Before the resolution was amended, new superintendent Carol Johnson said she and her executive staff had some questions about the proposal and asked for more time to assess the long-term effects, as well as the cost and structure.

"My desire was to look at this and see what's best for the system," said Gammon.

A Sobering Slogan

Law-enforcement agencies crack down on DUI.

By Janel Davis

The Shelby County District Attorney and Memphis Police Department have added another slogan to their crime-fighting efforts with the "Designate Before You Celebrate" DUI saturation campaign.

The campaign includes the creation of a DUI task force within the attorney general's office and traffic checkpoints and bar visits by the Metro DUI Unit.
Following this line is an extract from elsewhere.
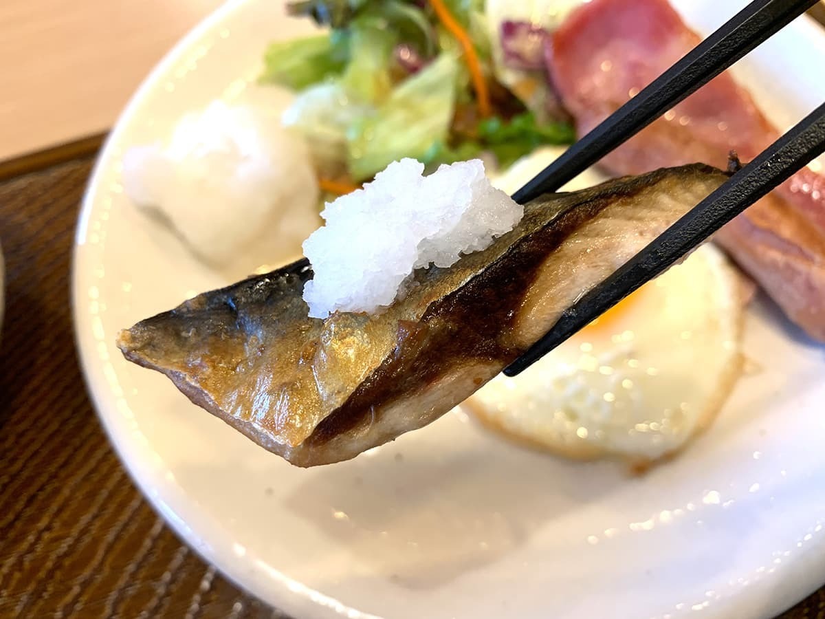 塩味は控えめで、朝から食べるにはほど良い塩加減でした♪大根おろしと一緒に食べると、さらにあっさり食べられて美味しいですよ。

The new DUI task force is designed to move DUI prosecutions through the criminal justice system faster with the help of two assistant district attorneys and one support staff member designated specifically for this effort.
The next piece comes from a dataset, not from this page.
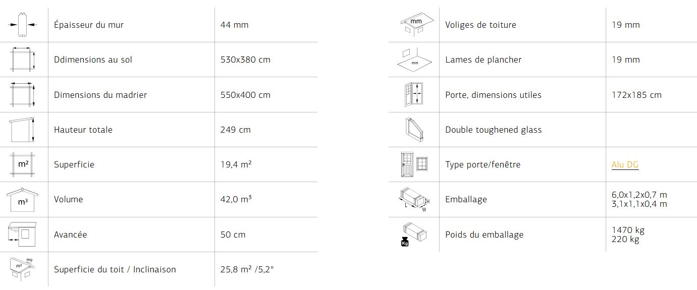 Abri muni d’une pente moderne, idéal pour agrémenter votre jardin, il a la particularité d’être lumineux avec une porte coulissante verre trempé 4.16.4 mm avec seuil plat couvert en inox. Réalisé en madriers de 44 mm double emboîtement, ce modèle d’une faible hauteur vous garantira une solidité et une aisance de construction. Plancher sur chevrons traités autoclave et lambris sous toiture 19 mm.

"When assistant DAs assigned to criminal court have to balance homicide, robbery, rape, and other violent crime cases with DUI cases, the DUI cases understandably often end up getting delayed," said district attorney Bill Gibbons. "With this increased effort, we can better support the work done by the Metro DUI Unit."

During the upcoming holiday season, which is usually known for an increase in DUI incidents, officers are hoping that drivers in Tennessee think twice about that second or third drink before they get behind the wheel and instead find a designated driver to get them home safely. Sheriff's deputies will distribute posters, buttons, and stickers with the new slogan to local bars and restaurants. Zero-tolerance roadblocks and checkpoints will be set up along four major highways to arrest anyone driving under the influence, speeding, or not wearing their seat belts.

"DUI crashes are so unnecessary; it's really a preventable accident," said DUI officer Angie Lewis. "I have lost a family member to DUI, but it's more about keeping the community safe than it is a personal thing."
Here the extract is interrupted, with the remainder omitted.